### Information provided
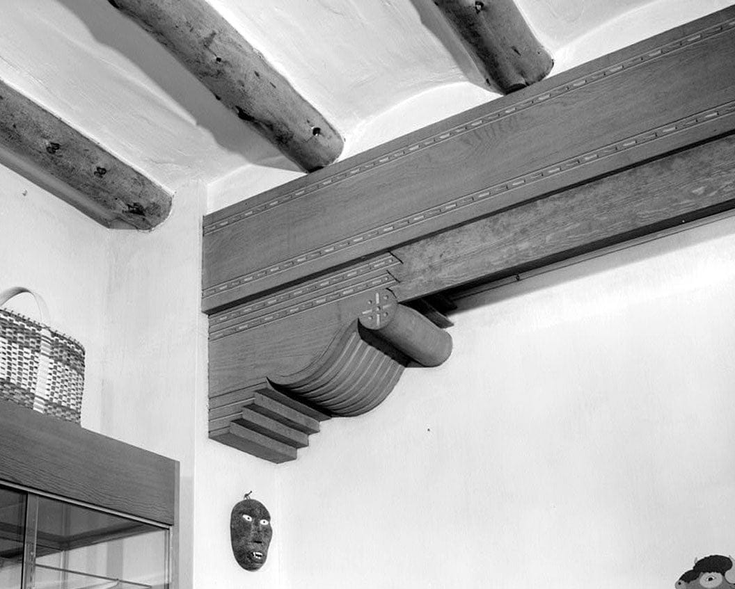 49. INTERIOR, FIRST FLOOR, MAIN CORRIDOR, ROOM 1023, INDIAN ARTS AND CRAFTS SHOP, DETAIL OF DECORATIVE BEAM, CORBEL, AND CEILING - U.S. Department of the Interior, Eighteenth & C Streets Northwest, Washington, District of Columbia, DC
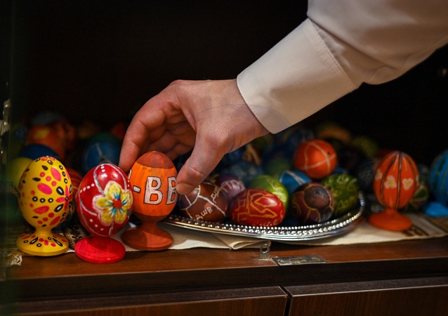 LVIV, UKRAINE - MAY 4, 2024 - Pysankas (Ukrainian Easter eggs) are displayed during the Pysanka From Bakhmut event aimed at raising money for the 80th Separate Galician Air Assault Brigade at Saint Peter and Paul Garrison Church, Lviv, western Ukraine., Credit:Anastasiia Smolienko / Avalon
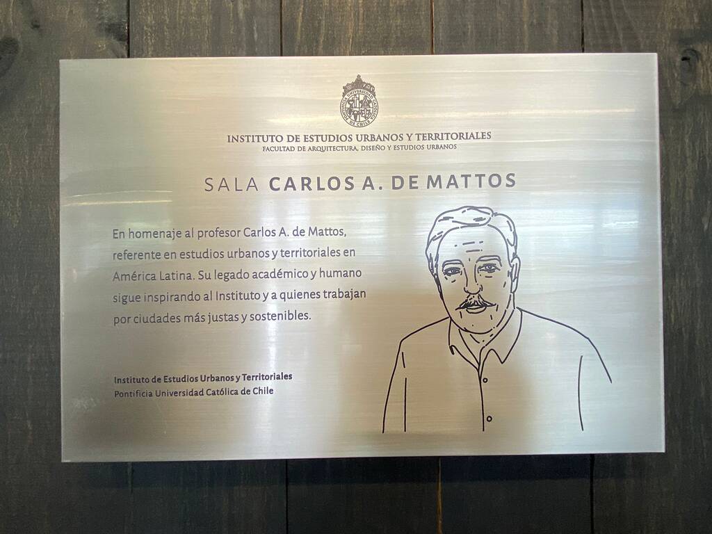 “Es este un acto que sirve para expresar respeto, admiración, reconocimiento y elogio hacia la figura del profesor de Mattos. Y el hecho de inaugurar la Sala de Consejo del Instituto de Estudios Urbanos y Territoriales con el nombre del profesor Carlos de Mattos es un homenaje mayúsculo, por cuanto permite que su nombre perdure, que sea permanentemente recordado y que se proyecte su legado hacia las generaciones futuras”, agregó.
######
### [Exercise requirements]
Return every line above exactly, omitting images.

### [Solution to the exercise]
 49. INTERIOR, FIRST FLOOR, MAIN CORRIDOR, ROOM 1023, INDIAN ARTS AND CRAFTS SHOP, DETAIL OF DECORATIVE BEAM, CORBEL, AND CEILING - U.S. Department of the Interior, Eighteenth & C Streets Northwest, Washington, District of Columbia, DC
 LVIV, UKRAINE - MAY 4, 2024 - Pysankas (Ukrainian Easter eggs) are displayed during the Pysanka From Bakhmut event aimed at raising money for the 80th Separate Galician Air Assault Brigade at Saint Peter and Paul Garrison Church, Lviv, western Ukraine., Credit:Anastasiia Smolienko / Avalon
 “Es este un acto que sirve para expresar respeto, admiración, reconocimiento y elogio hacia la figura del profesor de Mattos. Y el hecho de inaugurar la Sala de Consejo del Instituto de Estudios Urbanos y Territoriales con el nombre del profesor Carlos de Mattos es un homenaje mayúsculo, por cuanto permite que su nombre perdure, que sea permanentemente recordado y que se proyecte su legado hacia las generaciones futuras”, agregó.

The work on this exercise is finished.